The whole listing below needs to be duplicated exactly, pictures aside.
[RECORDED INFORMATION Boundary: Start]
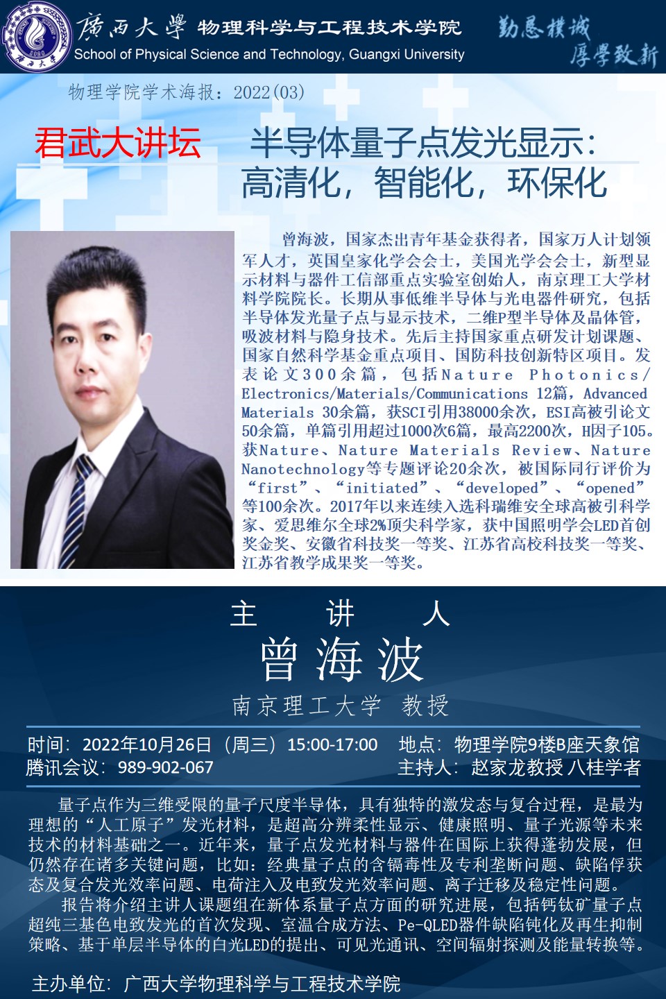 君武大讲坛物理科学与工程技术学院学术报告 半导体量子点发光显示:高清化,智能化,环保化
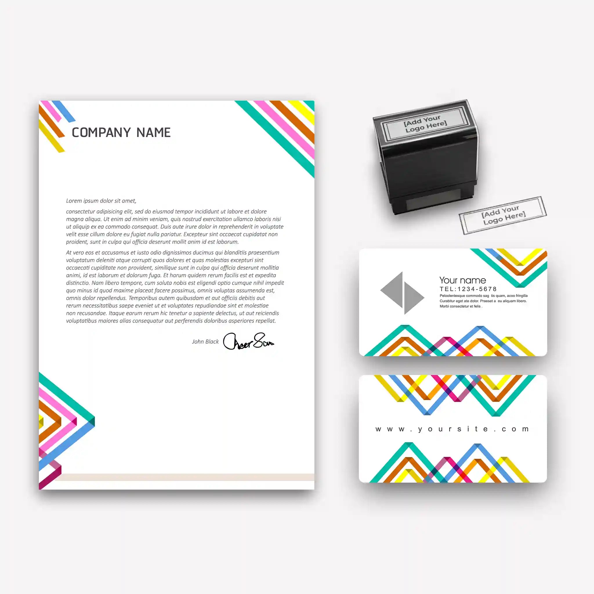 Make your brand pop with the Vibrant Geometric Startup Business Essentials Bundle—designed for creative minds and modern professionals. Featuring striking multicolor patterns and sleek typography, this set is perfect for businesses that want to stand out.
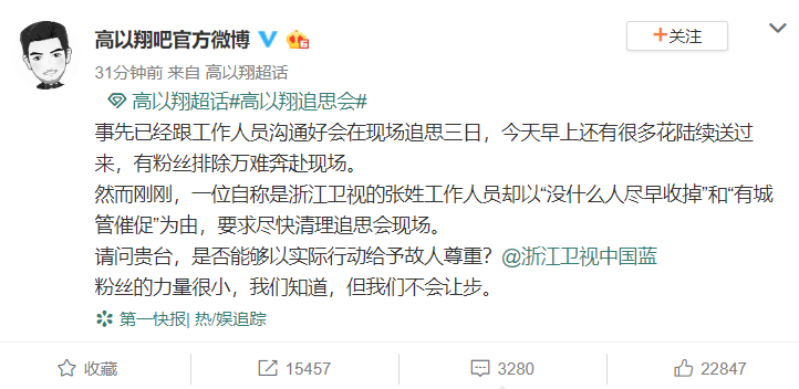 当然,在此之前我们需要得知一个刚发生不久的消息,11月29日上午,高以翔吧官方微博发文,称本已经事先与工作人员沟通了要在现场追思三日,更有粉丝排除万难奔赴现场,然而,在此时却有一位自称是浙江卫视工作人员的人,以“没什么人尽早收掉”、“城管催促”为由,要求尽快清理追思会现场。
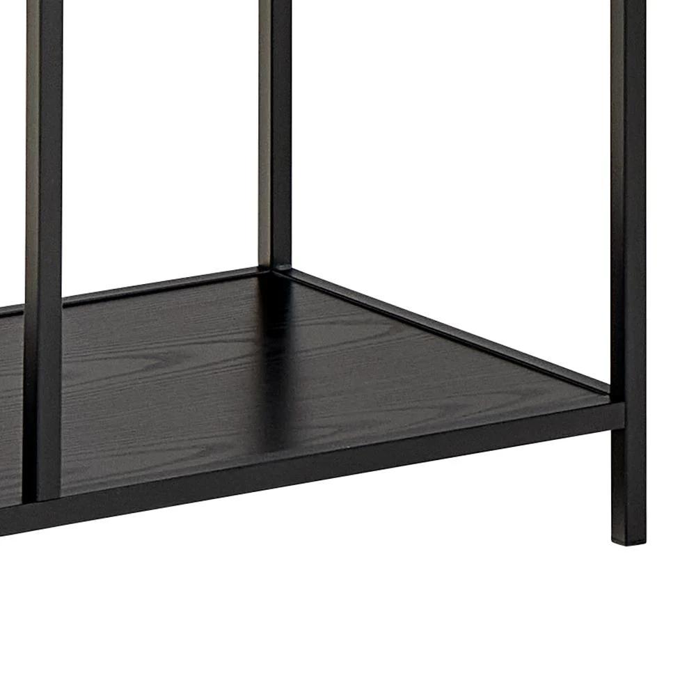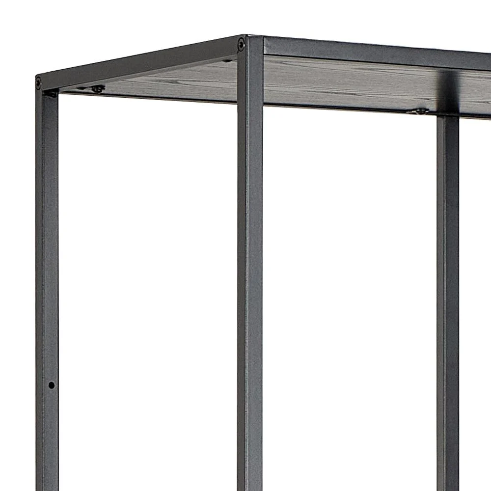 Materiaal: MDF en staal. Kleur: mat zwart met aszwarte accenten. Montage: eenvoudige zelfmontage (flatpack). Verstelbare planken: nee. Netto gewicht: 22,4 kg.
[RECORDED INFORMATION Boundary: End]
- **RESPONSE**:
 君武大讲坛物理科学与工程技术学院学术报告 半导体量子点发光显示:高清化,智能化,环保化
 Make your brand pop with the Vibrant Geometric Startup Business Essentials Bundle—designed for creative minds and modern professionals. Featuring striking multicolor patterns and sleek typography, this set is perfect for businesses that want to stand out.
 当然,在此之前我们需要得知一个刚发生不久的消息,11月29日上午,高以翔吧官方微博发文,称本已经事先与工作人员沟通了要在现场追思三日,更有粉丝排除万难奔赴现场,然而,在此时却有一位自称是浙江卫视工作人员的人,以“没什么人尽早收掉”、“城管催促”为由,要求尽快清理追思会现场。
 Materiaal: MDF en staal. Kleur: mat zwart met aszwarte accenten. Montage: eenvoudige zelfmontage (flatpack). Verstelbare planken: nee. Netto gewicht: 22,4 kg.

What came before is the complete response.